Enfim, não entendo esse "gostar", esse "sentir", essa vida para além da violência, para além da sobrevivência, essa vida de um puro sentimento. Talvez eu realmente tenha amigos que sintam, que gostem de mim. E talvez, inconscientemente, eu sinta que goste das pessoas que são minhas amigas. Eu me sinto, e isso realmente não existe como negar, como um filho da guerra: uma criança que viu de tudo e, portanto, desconfiada de tudo e todos e, assim sendo, a desconfiança bloqueando ou alienando meus sentimentos e, portanto, levando tudo a sério demais, procurando uma razão por trás de tudo, tornando-me superconsciente de tudo, sempre procurando medir e calcular tudo, e assim não me permitindo sentir, me envolver, interagir, e portanto nem brincar, nem jogar, nem me divertir. "Todos inimigos até segunda ordem".

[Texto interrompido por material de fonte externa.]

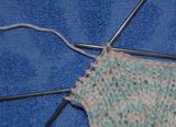 Our legwarmers will be decorated with a pattern made as follows: transfer 26 loops on the middle needle and divide the other loops between two other needles (13 loops for each).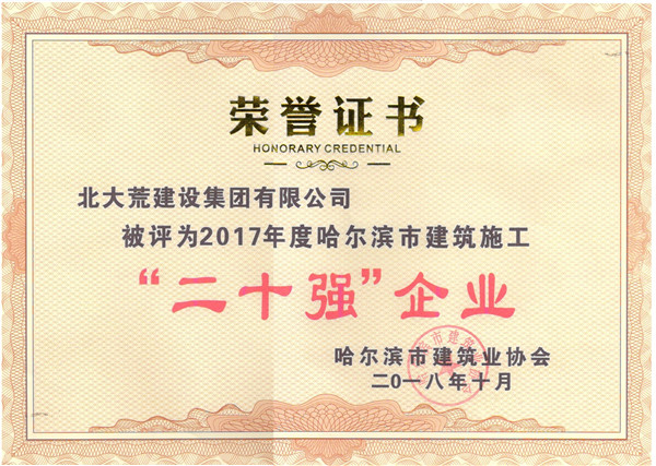 北大荒建設(shè)集團(tuán)入圍哈爾濱市建筑業(yè)“二十強(qiáng)”企業(yè)

A desconfiança orienta para a mais pura sobrevivência, como se a vida fosse só luta, só guerra. A sobrevivência não educa para a paz: ela desconfia mais, tem até mais medo, da paz do que da guerra: a guerra é clara, os inimigos são claros, a paz parece uma mentira, uma dissimulação, como se, de repente, as cortinas fossem se abrir e te pegar de surpresa se estiver com a guarda baixa - e por isso mesmo, até inconscientemente, fica o tempo todo testando tudo e todos até seus limites, seja para ver se aquilo realmente é verdadeiro (racional), seja para provocar de novo uma guerra e poder orgulhosamente dizer: "Viu?! Eu sabia que você tudo mentira e que vocês são uns mentirosos!" (emocional). A sobrevivência é, acima de tudo, emocional, e sobreviver, lutar contra tudo e todos e conseguir mais um dia de vida, é o orgulho do sobrevivente. O sobrevivente não precisa de amigos, e sim de aliados ocasionais - dos quais sempre desconfiará e sempre ficará testando - e de eternos inimigos. 

sexta-feira, 15 de abril de 2022

Tesão e consciência

 O que é o tesão?


Gostaria de poder escolher conscientemente meu caminho. Se for sentir tesão, que eu saiba o que é o tesão, o que me levou a sentir tesão ou se eu tenho a possibilidade de sentir tesão se e tão somente se eu eu compreender bem o que é o tesão, se o tesão é algo bom ou, melhor ainda, em que circunstâncias é bom sentir ou, melhor ainda, o que é desejar sentir tesão e, portanto, decidir quando e por quem sentir.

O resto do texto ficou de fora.